Bill Singer's Comment: As to arrangements involving financial institutions (or credit providing companies/individuals), there is an exemption from the need to give notice or obtain approval provided that the loan will be made on commercial terms generally available to the similarly situated general public (taking into account need, purpose, and creditworthiness). FINRA does not necessarily require you to document those preconditions to your member and your representation may be deemed satisfactory.  The issue here is that you better not be getting a so-called "sweetheart deal."  Bottom line, the arrangement better pass the sniff test.
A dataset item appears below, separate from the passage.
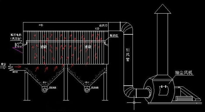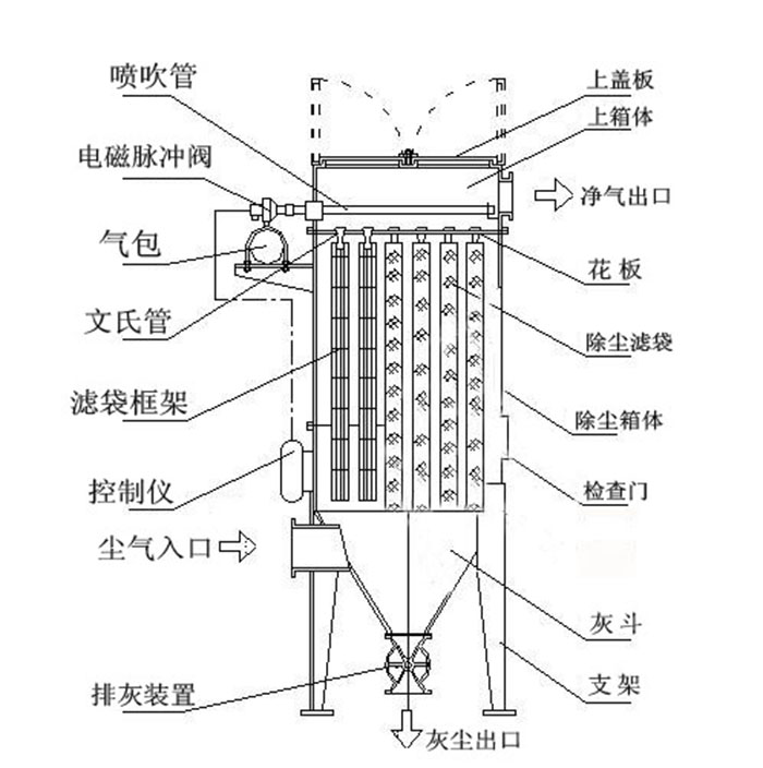 含尘气体由灰斗上部进风口进入后,在挡风板的作用下,气流向上流动,流降低,部分大颗粒粉尘由于惯性作用被分离出来落灰灰斗,含尘气体进入中箱体滤袋的过滤净化,粉尘被阻留在滤袋的外表面,净化后的气体经滤袋口进入上体箱,由出风口排出。

(c) Definition of Immediate Family 
The term "immediate family" means parents, grandparents, mother-in-law or father-in-law, husband or wife, brother or sister, brother-in-law or sister-in-law, son-in law or daughter-in-law, children, grandchildren, cousin, aunt or uncle, or niece or nephew, and any other person whom the registered person supports, directly or indirectly, to a material extent.   

Bill Singer's Comment: Finally -- here it is, the critical definition. Make sure to check the list and note that it can also cover folks whom you provide material support to on a direct or indirect basis.

Supplementary Material:
.01 Record Retention. For purposes of paragraph (b)(1) of this Rule, members shall preserve the written pre-approval for at least three years after the date that the borrowing or lending arrangement has terminated or for at least three years after the registered person's association with the member has terminated. 

Bill Singer's Comment: This language requires your member to preserve the written approvals for at least three years from the date the arrangement terminated or at least three years after the registered person's association has terminated with the member. Be careful not to misinterpret this retention provision: You must retain the pre-approval for three years from the date of the loan's termination or the registered person's termination from the subject member.